The current patch gets rid of most of that.

My local perf results are mostly good, with instruction counts reductions of up to 9%, but a few small regressions. I'm not quite sure where the regressions are coming from, I will investigate that more on Monday.

The code is in draft form, and needs cleaning up before being properly reviewed. @Amanieu may be interested.

nnethercote · 2020-05-08T13:20:16Z

@bors try @rust-timer queue

rust-timer · 2020-05-08T13:20:17Z

Awaiting bors try build completion

bors · 2020-05-08T13:20:27Z

⌛ Trying commit 6d2926b6381d178d7d59b6112949c3c6a2e96568 with merge d4d11c4e38c5b4fe42c2d2c10124bc45ba1fbcc8...

src/liballoc/raw_vec.rs

Mark-Simulacrum · 2020-05-08T13:36:12Z

cc @davidtwco @nikomatsakis -- this seems relevant for the polymorphization efforts, shows at least one potential big win

nikomatsakis · 2020-05-08T13:43:17Z

Yes, it does!

bors · 2020-05-08T17:35:27Z

💥 Test timed out

nnethercote · 2020-05-08T22:15:15Z

@bors try

bors · 2020-05-08T22:15:25Z

⌛ Trying commit 6d2926b6381d178d7d59b6112949c3c6a2e96568 with merge cee9586dc574582deea517fa2d0eaeeb882167e3...

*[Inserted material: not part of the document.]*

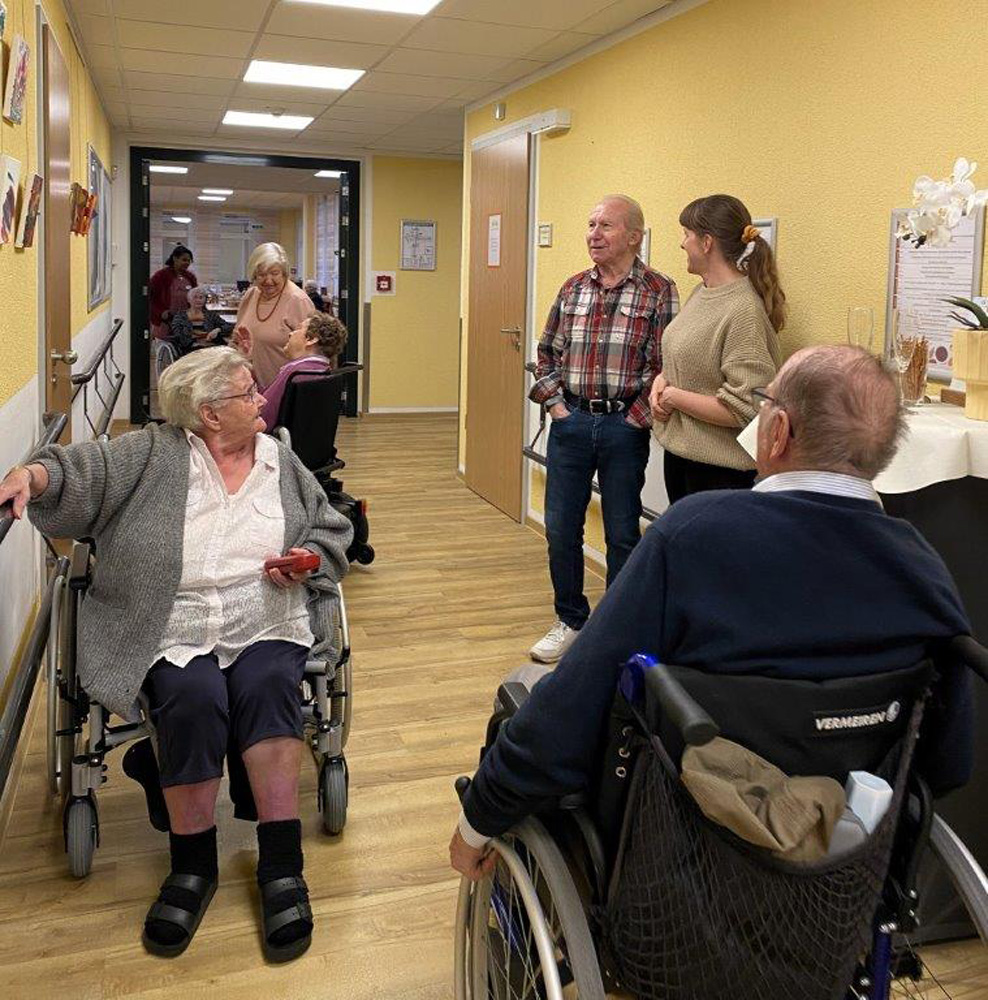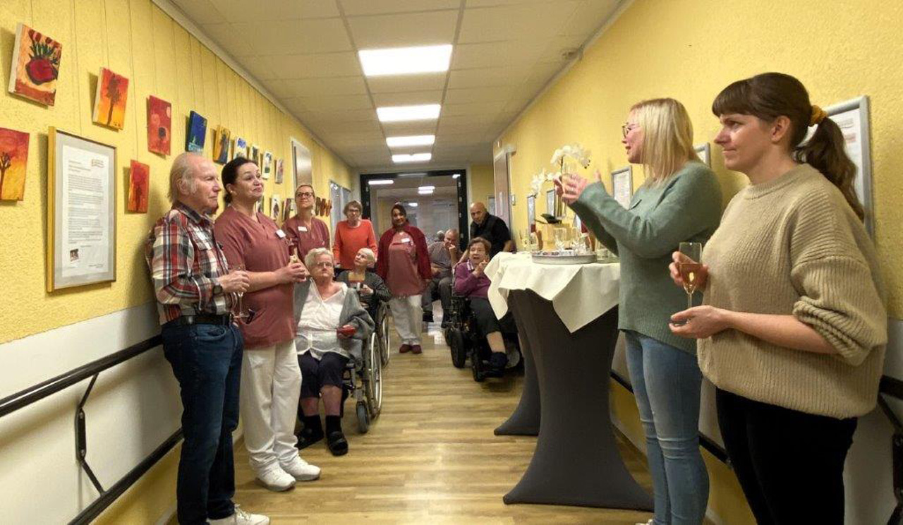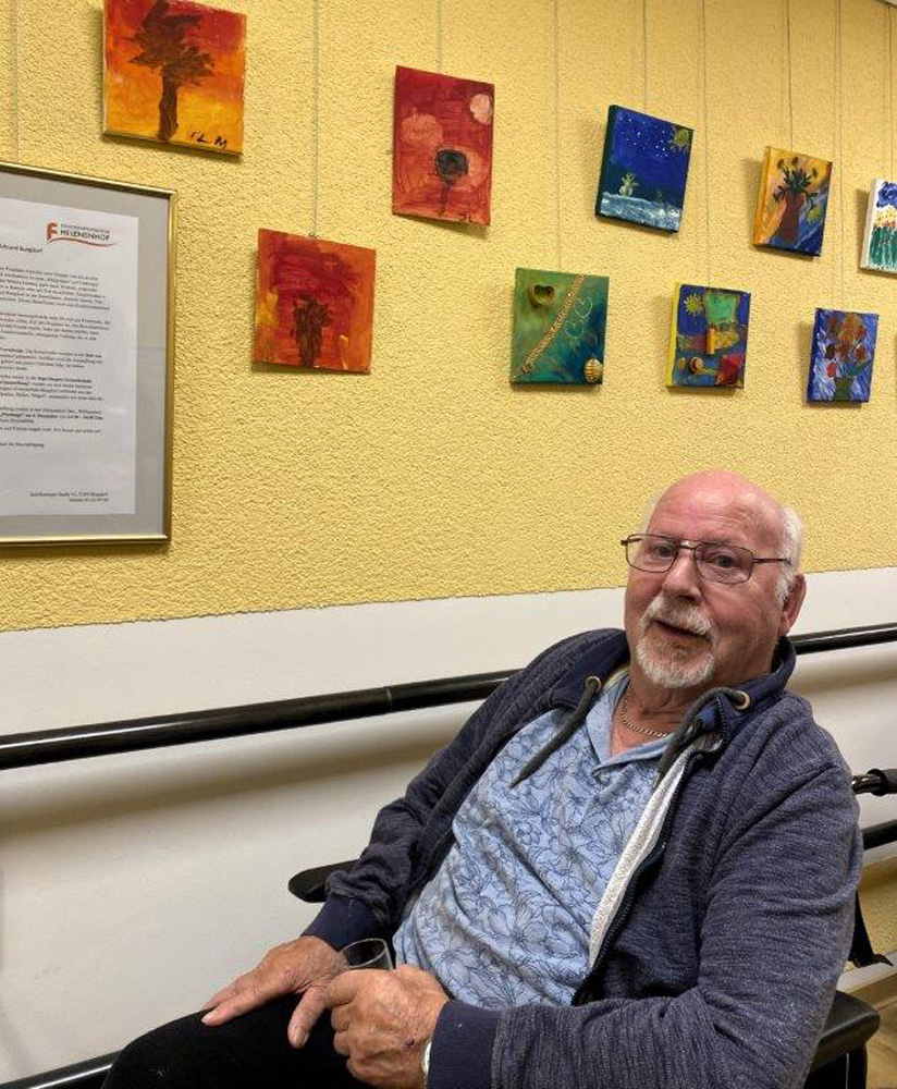 Die Zusammenarbeit im Projekt "Kunst kennt kein Alter" mit dem Kinderschutzbund Burgdorf ist bereichernd. Bereichernd für alle teilnehmenden Bewohnerinnen und Bewohner, für Frau Tanja Misernjuk vom Kinderschutzbund sowie für uns alle im Helenenhof. Der erste Abschnitt unseres gemeinsamen Projektes mündete am 9. Oktober 2025 im gemütlichen Zusammensein bei einer Vernissage. Mit einem Gläschen Sekt wurde auf diesen, erfolgreichen Projektabschnitt und die Künstler angestoßen.

bors · 2020-05-09T01:10:50Z

☀️ Try build successful - checks-actions, checks-azure
Build commit: cee9586dc574582deea517fa2d0eaeeb882167e3 (cee9586dc574582deea517fa2d0eaeeb882167e3)

rust-timer · 2020-05-09T01:10:51Z

Queued cee9586dc574582deea517fa2d0eaeeb882167e3 with parent 7b80539, future comparison URL.

rust-timer · 2020-05-09T10:31:35Z

Finished benchmarking try commit cee9586dc574582deea517fa2d0eaeeb882167e3, comparison URL.

nnethercote · 2020-05-09T22:30:36Z

The perf results are all over the place. They're easier to understand if you focus on two subsets.

debug-full: This shows the potential. Lots of wins, the best being 6.6%. (I saw a best win of 9.1% locally, but that was without the recent wins from LLVM bitcode removal, which would overlap somewhat with these wins.)
check-full: This shows mostly regressions, of up to 1.5%. The current code has presumably slowed RawVec::grow down somewhat.

Hopefully I can fix the slowdowns without too much trouble. I will investigate that tomorrow.

nnethercote · 2020-05-11T02:08:49Z

I think the slowdowns are caused by worse code being generated in some cases due to the Layout computations now being dynamic rather than static. For example, there is a codegen test codegen/vec-iter-collect-len.rs that contains the expression [1, 2, 3].iter().collect::<Vec<_>>().len(). It's supposed to boil down to 3 in the generated LLVM IR, but in at least some of my working versions of this PR I've seen the test fail because the optimization is inhibited and it generates lots of LLVM IR.

I'm taking a slightly different tack now, trying to keep those Layout computations within RawVec::grow so that the computations involving mem::{size,align}_of::<T>() are static.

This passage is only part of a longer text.